Apr. 25th, 2008 04:25 pm
emchy: (Default)


we have officially landed in seatlle. woot. and i feel like a fucking zombie. waited too long to eat and then the restaurant was slow slow slow slow. i really almost tackled some elderly people for their nachos. WANT NOW. but no. i held it vaguely together. todays drive was short and easy. small change in plans has me flying back to SF on Sunday morning - which means that Sunday is actually gonna be pretty easy on me - so that's a good thing.

we drove through olympia and took a pic of the sleater-kiney sign and rocked out to bikini kill...

  

fun times.

i am looking forward to tonight - gotta refresh the brain though - whooeeee
maybe i'll get in the jacuzzi (omg fer realz?)
we are in a swanky and comfy place that badgerbag found and i am so grateful for these people i call my friends and their awesome taking care of shit skills.

alright - maybe i'll go walk around or something. my roommates are fuzzy sleepy from already hitting the hot bubbly waters while i decompressed by listening to my ipod and doing dumb computer shit.

miss you sf
oxoxox

road log 1

Mar. 9th, 2007 09:43 am
emchy: (Default)
Seems like i should say sky log 1 since i did fly and not drive down here to LA - but that said there is drving now so - road log flips around curves itself for me and starts to work just fine.

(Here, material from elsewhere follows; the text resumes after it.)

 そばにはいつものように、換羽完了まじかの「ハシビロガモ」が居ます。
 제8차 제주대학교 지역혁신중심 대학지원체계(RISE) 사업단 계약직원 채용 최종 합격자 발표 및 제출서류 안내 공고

LA is cool. The strangest part is how much it reminds me of Phoenix. The best part of how performative all of the buildings are. With architecture, with paint, with neon, the buildings want to be stars too.

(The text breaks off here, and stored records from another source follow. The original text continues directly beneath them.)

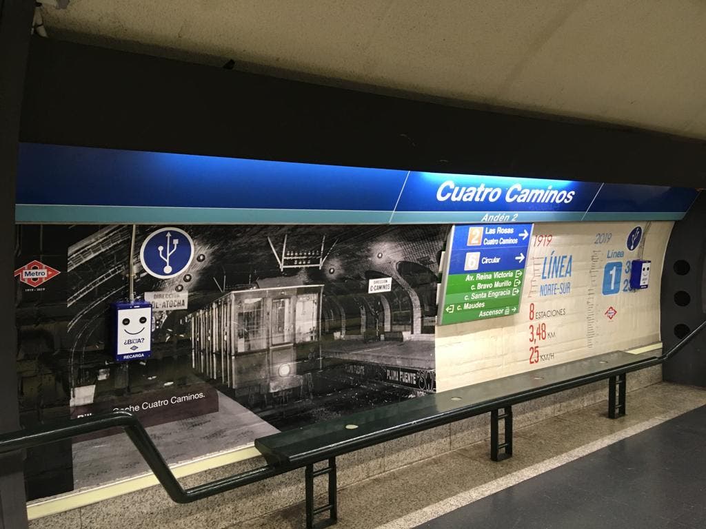 La Comunidad de Madrid convierte desde este miércoles la Línea 1 de Metro en la Línea Centenario con una exposición permanente en las estaciones del recorrido original de la primera línea del suburbano, que transcurría entre Cuatro Caminos y Sol y que en sus inicios se llamó Norte-Sur.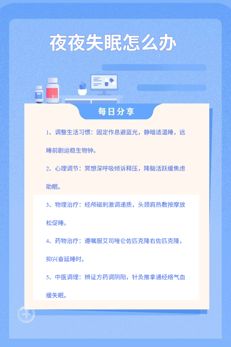 夜夜失眠可通过调整生活习惯、心理调节、物理治疗、药物治疗、中医调理等方法来改善等。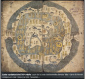 Không, Trung Cổ Châu Âu đã không phủ nhận tính chất cầu của Trái đất, được chỉ rõ ngay từ thế kỷ VII bằng các từ như globus hay sphera. Không, các bài học của các tác giả cổ đã không bị mất hoàn toàn. Mà chúng đã được sàng lọc qua sự diễn giải Thiên chúa giáo thời đó. Nền của bản đồ Trung đại được thể hiện bằng hai chữ “T trong O”, Orbis Terranrum tròn của những người Roma được phân chi bằng chữ T. T được cấu thành từ Địa Trung Hải, sông Nil và Don, ngăn cách ba lục địa do ba con trai của Noé làm chủ sau Đại hồng thủy: Ở Châu Á có Sem, Châu Phi có Cham và Châu Âu có Japhet.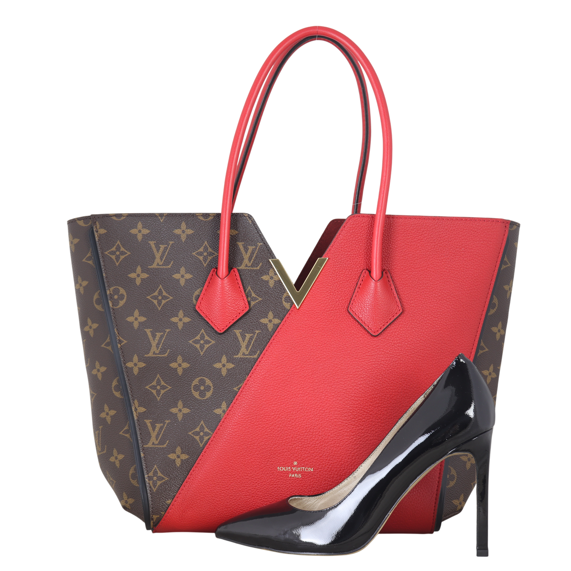 Colour/Material: Monogram coated canvas; red calfskin leather.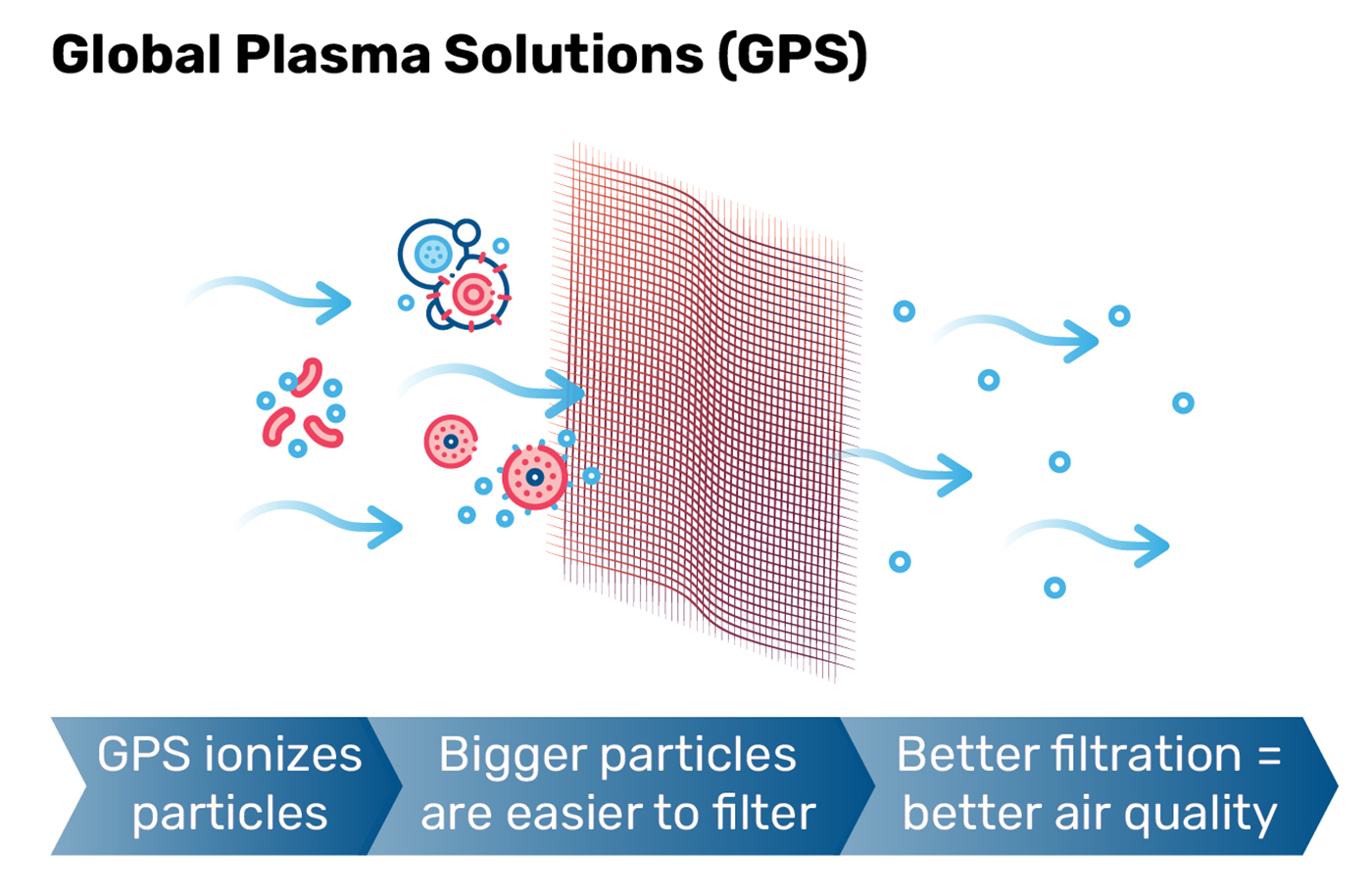 • Global Plasma Solutions: Global Plasma Solutions (GPS) can be added to the return air stream of a recirculating HVAC unit. GPS ionizes particles to cause them to stick to each other. This makes bigger particles that are easier to filter. Better filtration leads to better air quality. While the particles are collecting together, viruses may also be bound to the particle clusters and filter out of the airstream with greater effectiveness. GPS systems can easily be retrofitted into existing equipment, as well as new design.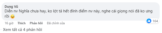 - Diễn viên đóng vai Nghĩa chưa hay, không lột tả được hết đỉnh điểm nhân vật này, nghe cái giọng đã không ưng rồi!

It jumpstarts my inner five year seeing places that are "famous." So far all of my star sightings are of places and buildings. Which makes sense both for me and LA. Though
[profile] geishaghost
saw Forest Whittaker in the same airport gate as the one I arrived in 20 minutes before I got there.

Flying south out of SF was amazing. I could see my house thanks to the proximity of Stern Grove landmark, and the i saw the pacifica pier. Quickly though even the water changed to warm southern ocean instead of the darker and greyer blues of up north and so my landmarks were lost.

I caught my breath flying into LA - seeing the aquaduct and thinking - this is where my friends are from (punk rock drunk pals). And again with a catch on seeing the hollywood sign.


[profile] geishaghost
is the most fabulous host and seeing her at the airport what so SQUEEE. I am delivering hugs btw - so if anyone needs to place an order - let me know. she took me to west hollywood and we got to do some exploring. biggest discovery - that whisky that i am always going on and on about. the black whisky from scotland that they don't make anymore and is super rare. that whisky that i have become fucking obsessed over? there's a bottle sitting on top of her fridge. HOLY FUCK! YAY! so last night i had my first sip in quite a while. i am teh happy.

i am excited for today and for tonights reading.
i am developing a little crush on la.
emchy: (Default)
i am stopped at the end of a dirt road. the dust of my past is blowing past the front of the car. i have to turn right or left and i have no map. both ways look right. but one isn't. i don't even have a coin to flip.